MSI GeForce RTX 5060 Ti Shadow 2X Plus 16GB

XFX Swift Radeon RX 9060 XT OC Triple Fan Gaming Edition 16GB

XFX Swift Radeon RX 9060 XT OC Triple Fan Gaming Edition 16GB

Performance:
GPU clock speed 2407 MHz 1900 MHz
GPU turbo 2572 MHz 3320 MHz
pixel rate 123.5 GPixel/s 212.5 GPixel/s
floating-point performance 23.7 TFLOPS 27.2 TFLOPS
texture rate 370.4 GTexels/s 425 GTexels/s
GPU memory speed 1750 MHz 2518 MHz
shading units 4608 2048
texture mapping units (TMUs) 144 128
render output units (ROPs) 48 64
Has Double Precision Floating Point (DPFP)

The clock speed story here is nuanced. The MSI RTX 5060 Ti holds a notably higher base clock at 2407 MHz versus the XFX RX 9060 XT's 1900 MHz, meaning the NVIDIA card runs faster during sustained, consistent workloads. However, the RX 9060 XT's turbo ceiling of 3320 MHz dwarfs the RTX 5060 Ti's 2572 MHz boost — a gap of nearly 750 MHz. In practice, this means the AMD card can deliver significantly higher peak performance in burst scenarios, though how often and how long it sustains that turbo frequency depends on thermal and power headroom.
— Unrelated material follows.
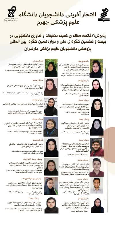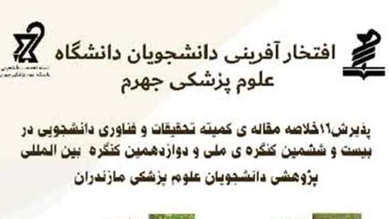 پذیرش 16خلاصه مقاله کمیته تحقیقات و فناوری دانشجویی دانشگاه علوم پزشکی جهرم در بیست و ششمین کنگره ملی و دوازدهمین کنگره بین المللی پژوهشی دانشجویان علوم پزشکی مازندران

When translating clocks into throughput, the RX 9060 XT pulls ahead on nearly every computed metric. Its 27.2 TFLOPS of floating-point performance outpaces the RTX 5060 Ti's 23.7 TFLOPS by roughly 15%, and its pixel rate of 212.5 GPixel/s is nearly 72% higher — a direct result of both the higher turbo clock and its larger ROP count (64 vs. 48). A higher pixel rate translates to better fill-rate performance, particularly relevant at higher resolutions. The RX 9060 XT also leads in texture rate (425 GTexels/s vs. 370.4) and runs significantly faster memory at 2518 MHz vs. 1750 MHz, which reduces memory bandwidth bottlenecks. The RTX 5060 Ti does have more than double the shading units (4608 vs. 2048), though this advantage is largely absorbed into the TFLOPS figure and does not reverse the overall throughput deficit.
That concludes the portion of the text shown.